I’ll give this a 3/10, and the only reason you get those three points is because L'Oreal and SAP actually make money. But structurally, this is a nightmare.


Here is what you need to do immediately:

1. Slash the Makeup Budget: Trim that L'Oreal position down to a maximum of 10-15%. Take those profits and deploy them into something else before the market does it for you.

2. Liquidate the Wrist Candy: Sell the watches. If you want to hold 5% in alternative assets for fun, fine.

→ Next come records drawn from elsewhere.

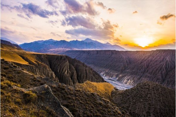 闊克蘇大峽谷發(fā)源于天山山脈中部,由億萬年來沉積的巖層隨地質(zhì)運動和天山雪融水交相作用而形成,位于新疆伊犁八卦城特克斯縣南部。
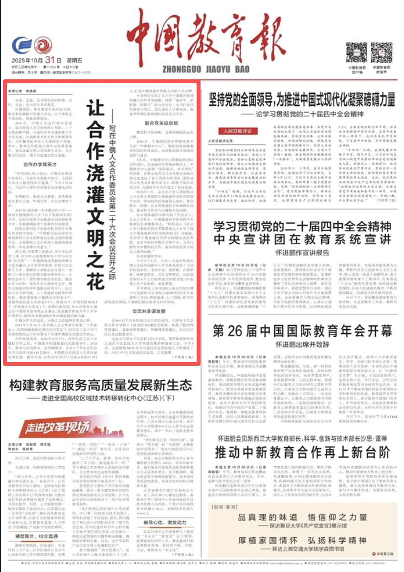 哈工大全媒体(梁英爽/文)10月31日,在中俄人文合作委员会第二十六次会议召开之际,《中国教育报》头版刊发报道《让合作浇灌文明之花——写在中俄人文合作委员会第二十六次会议召开之际》,报道哈工大打造中俄基础学科拔尖创新人才品牌、开展跨国联合培养与科研协同。
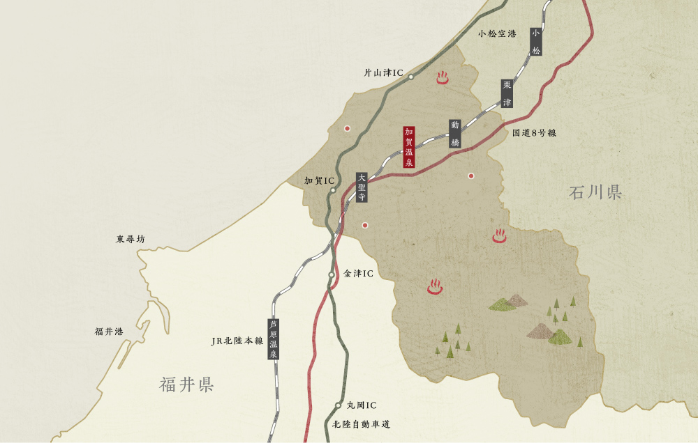 - 加賀温泉駅から車で約22分(距離・約15km)
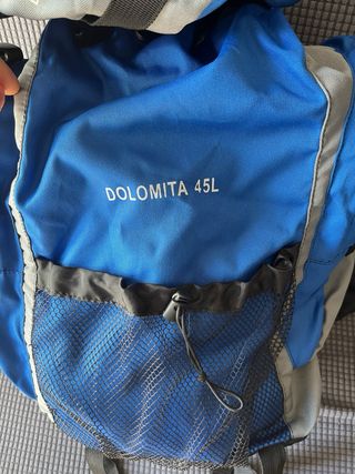 Mochila de senderismo o escolar con una capacidad de 45 litros, ideal para niños. - Compartimento principal espacioso. - Bolsillo frontal con cierre. - Bolsillos laterales de malla. - Correas de hombro ajustables. - Espalda acolchada para mayor comodidad. - Compartimento para saco de dormir.
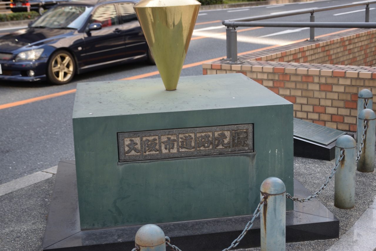 道路の原点となる道路元標。大阪市の道路元標は曾根崎の交差点にあります。小さな元標の看板が足下に設置されています。交差点の街路樹が植えてある場所にある為、少々わかりにくいかもしれません。大阪駅前ビルの目の前にあります。
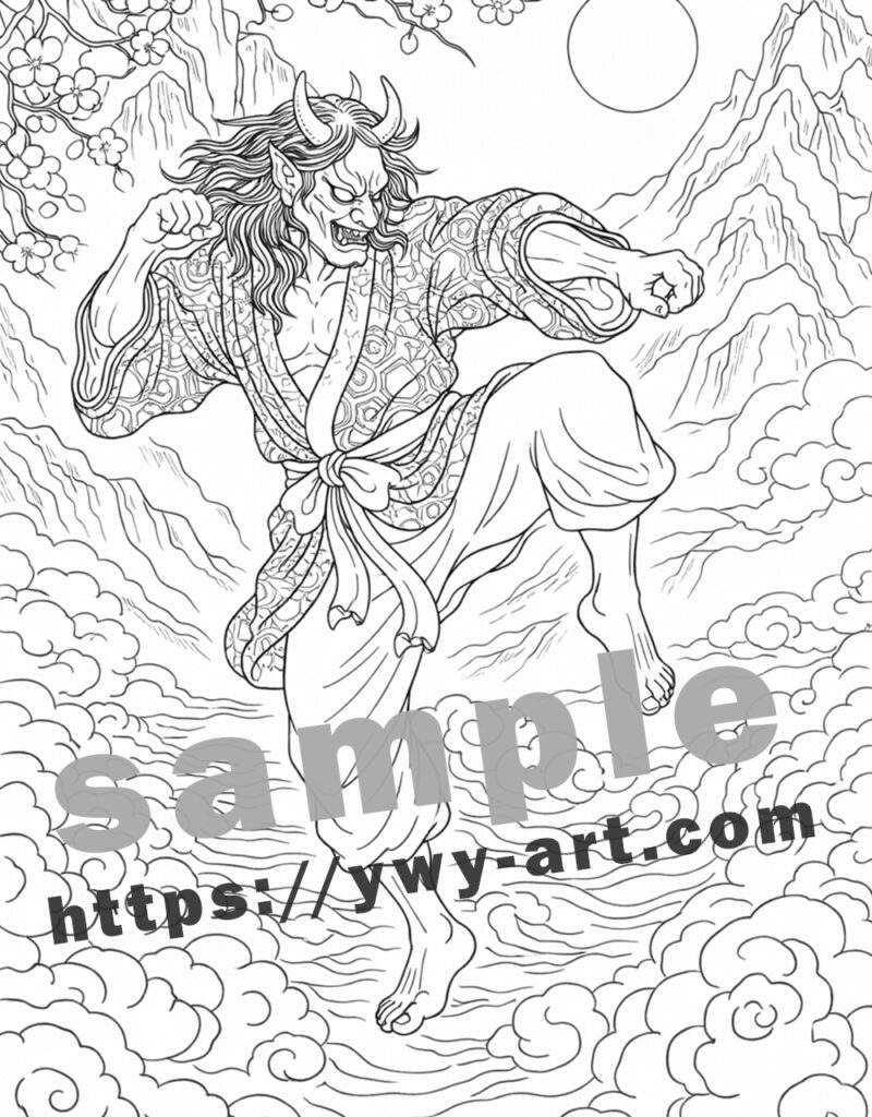 Oni are often associated with natural forces such as storms, mountains, and violent weather. In this illustration, the rugged terrain and swirling clouds emphasize the connection between the oni and the wild, untamed world.
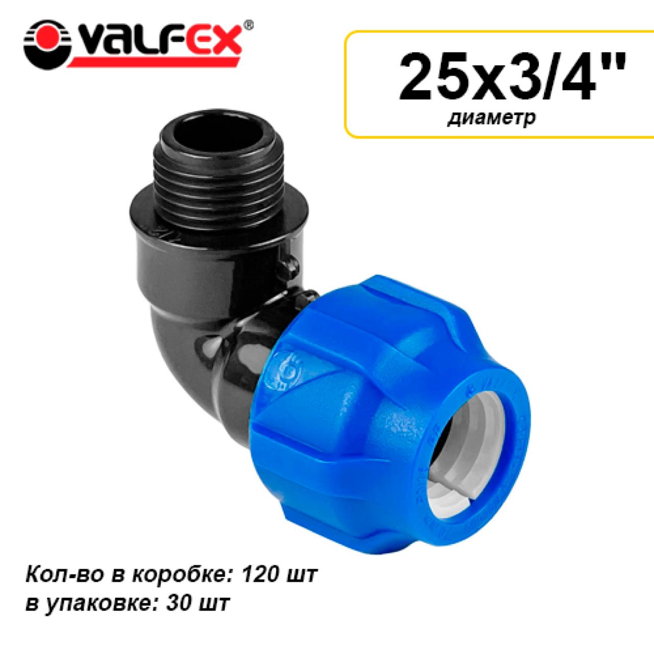 Отвод ПНД компрессионный с наружной резьбой 25х3/4" (120/30) VALFEX
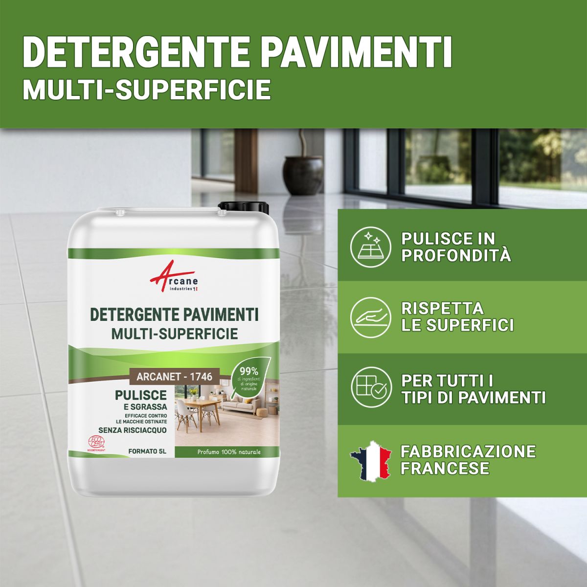Arcanet - 1746 è un prodotto detergente professionale per pavimenti formulato per soddisfare le esigenze della pulizia quotidiana o intensiva su tutti i tipi di pavimenti. Certificato Écocert Greenlife e composto al 99% da ingredienti di origine naturale, questo detergente per pavimenti concentrato multiuso combina efficacia sgrassante, sicurezza d'uso e rispetto dell'ambiente. Si adatta a tutti i processi di pulizia manuale o meccanizzata, in ambienti domestici o professionali.
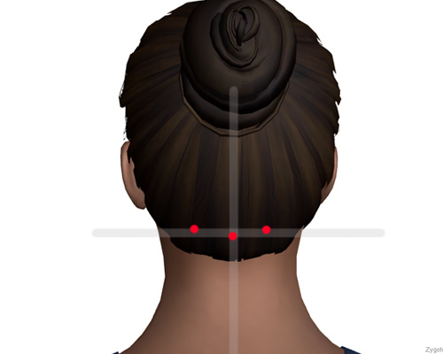 Переходим на затылок: массируем точки, которые находятся в точности у основания затылочных бугров, затем ямку у основания черепа (посередине и чуть ниже между предыдущими точками).
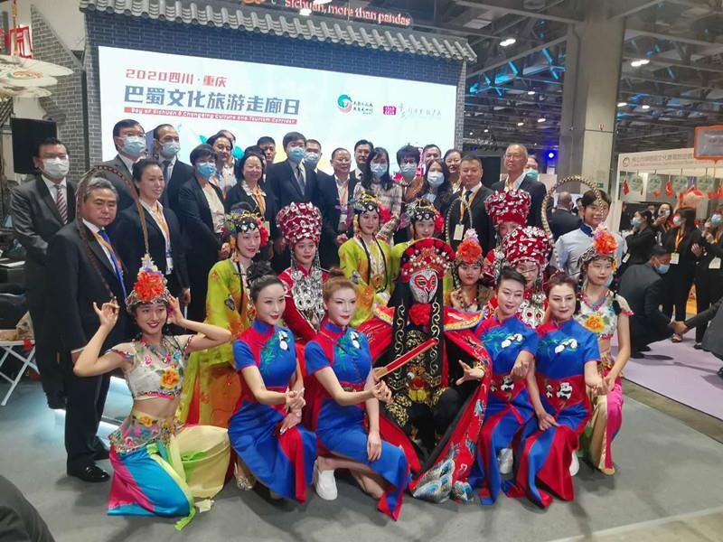 此次澳网官方网站博览会上,四川馆·重庆馆以“巴蜀文化澳网官方网站走廊”为共同主题。当天,四川、重庆两地文旅部门相关领导共同按下启动台,“天府三九大·安逸走四川”、“行千里·致广大”两张文旅名片同时点亮。
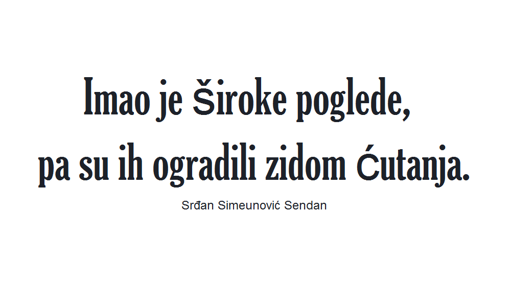 Dnevna doza aforizma jan 9, 2017 Dnevna doza aforizma Dnevna doza aforizma FacebookTwitterEmailViberReddItWhatsAppTelegramPrintPinterestTumblrLinkedinMixVKDiggLINENaver Facebook Prethodni tekstDa ne poverujes: CigareteSledeći tekstNFL: Maestralni Rodžers vodio Pekerse do pobede! Srđan Simeunović SendanU umetnosti dugi niz godina. Svašta video - svašta proživeo, iako se uverio da su slabe nade za neki pomak u ovoj zemlji, i dalje na barikadama. Poezija, proza, satira, muzika i još štošta... PROČITAJTE! Satatatira Karikatura dana Petar Pismestrović - dec 6, 2025 Knjige Petar Pismestrović: Partija pokera – knjiga karikatura Petar Pismestrović - dec 4, 2025 Satatatira Karikatura dana Petar Pismestrović - avg 13, 2025 Otvorena vrata Mozzart uključio Ronalda u borbu za Gavrilov život Zoran Todorović - maj 6, 2021 Satatatira Nepodmitljive priče Dejan Dimitrijević Mita - nov 6, 2016 Zanimljivosti Da li ste znali: „Šah-mat“ Marija Pašalić - jan 24, 2019 Satatatira Aforizam Janka R. Milenkovića Zoran Todorović - jan 19, 2019 Satatatira Dnevna doza aforizma Mitar Đerić - maj 1, 2018 Priključenija Pobeda Novaka u 2. kolu Indijen Velsa Zoran Todorović - mar 14, 2016 Mesečina Sasvim u redu sa tim Igor Cijan - maj 12, 2016 Film Video igre: Shadow of the Tomb Raider Mihailo Todorović - nov 12, 2018 Fotografija Fotografija dana: Kad zraci plešu Ivana Todorović - jun 30, 2018 Vesti Nole obezbedio poziciju broj 1 na kraju sezone, u polufinalu protiv Nišikorija Zoran Todorović - nov 14, 2014 Satatatira Dnevna doza aforizma Nada Karadžić - nov 25, 2016 Zanimljivosti Da li ste znali: Kofein VI Marija Pašalić - jun 24, 2015
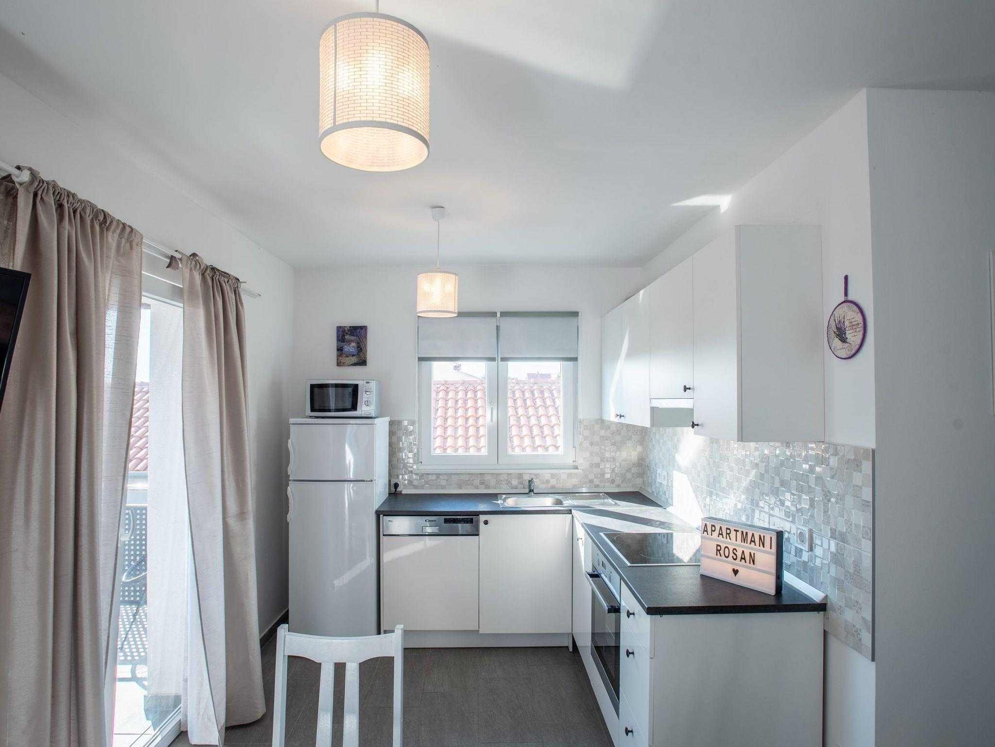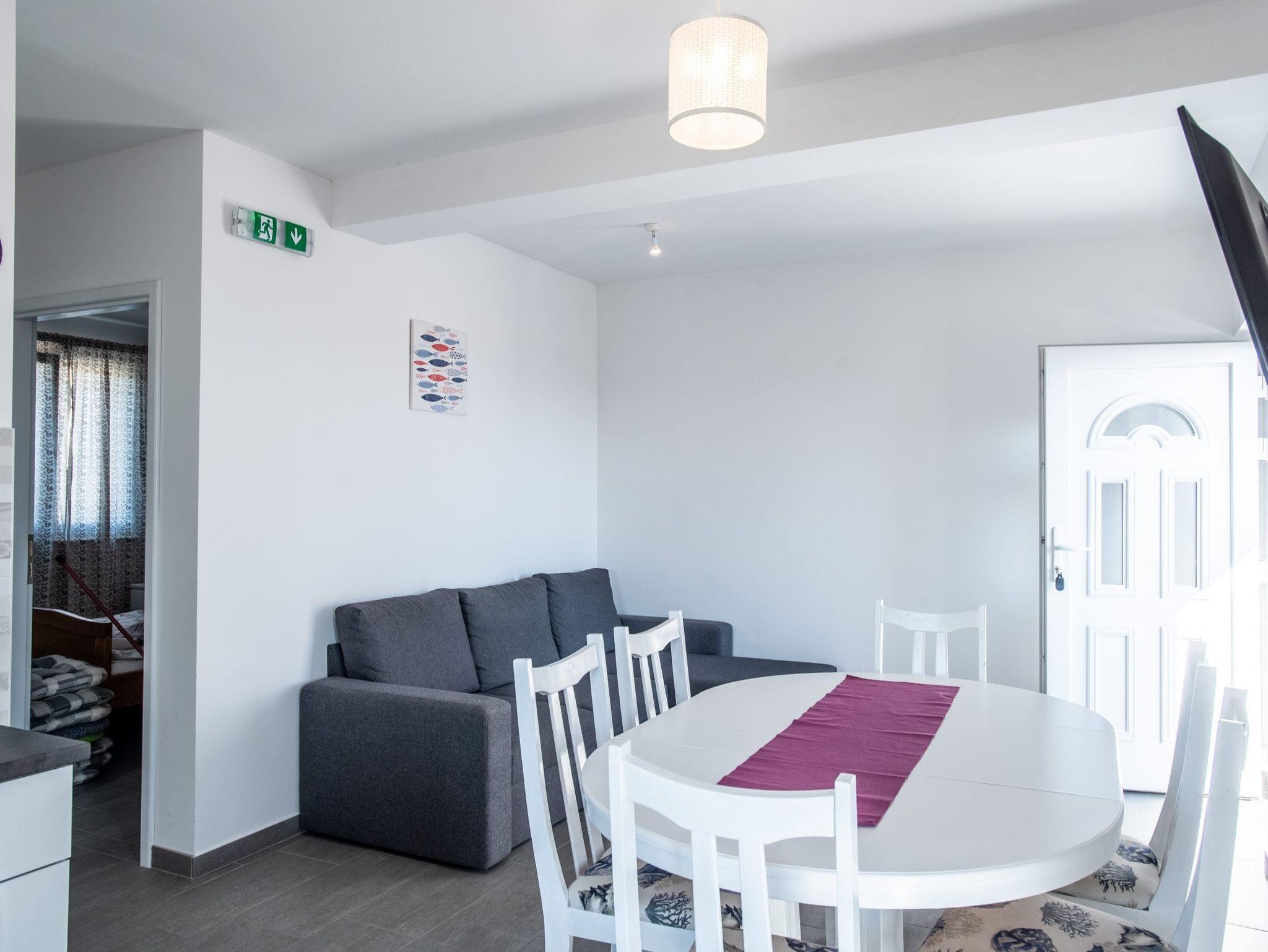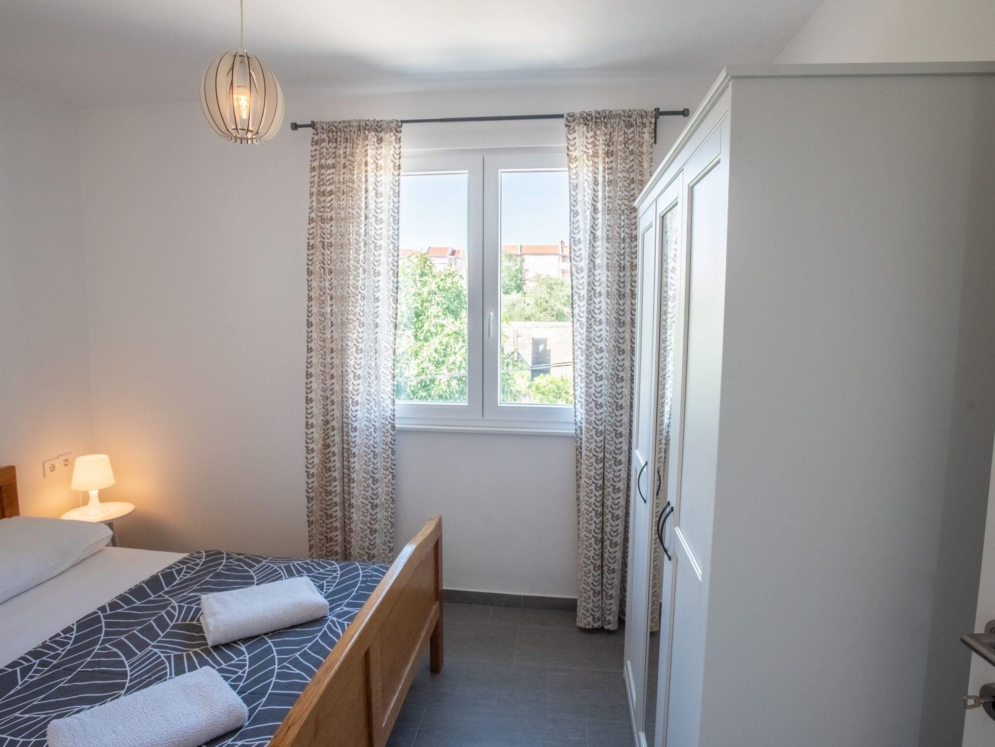 Ferienwohnung bietet Platz für 6 Gäste. Die Betten sind in Schlafzimmern, die es 2 gibt, und in Wohnzimmer, innerhalb einer Gesamtfläche von 43m2, angeordnet. Die Gäste haben eine eigene Terrasse zur Verfügung, auf der sie in warmen Sommernächten genießen können. Das Apartment bietet Meerblick. Es ist erlaubt, Speisen auf dem Gemeinschafts-Grill vorzubereiten. IM PREIS INBEGRIFFEN: Kurtaxe, Endreinigung, Klimatisierung, Parkplatz, Internet, Kinderbett, Föhn. VERBINDLICHE ZUSÄTZLICHE KOSTEN: Aufzahlung für Kurzaufenthalte (prozentualer Zuschlag pro Nächtigungsanzahl: 30% - 1, 20% - 2, 10% - 3). Die Verfügbarkeit zusätzlicher Dienstleistungen in Ihrem reservierten Termin und die Preise derselben (falls nicht aufgeführt) müssen im Voraus überprüft werden. Zusätzliche Dienstleistungen die in der Zahlungsaufforderung nicht aufgeführt sind werden direkt beim Vermieter bezahlt, angenommen der Gast nutzt auch diese.

But 26% in non-yielding metal is a crime against compounding.

3. Draft New Soldiers: Take the capital from the watches and the trimmed L'Oreal stock and buy broad, high-quality, dividend-paying equities across North America and other global markets. You need geographic diversification right now.


Stop falling in love with European craftsmanship. A beautiful balance sheet is the only art you should care about.

About this analysis

This portfolio roast was generated by PortfolioGlance’s AI, analyzing your portfolio from the perspective of Kevin O'Leary. The analysis evaluates asset allocation, sector concentration, geographic diversification, risk factors, and provides actionable recommendations.

This is an AI-generated educational analysis, not financial advice. Always consult a qualified financial advisor before making investment decisions.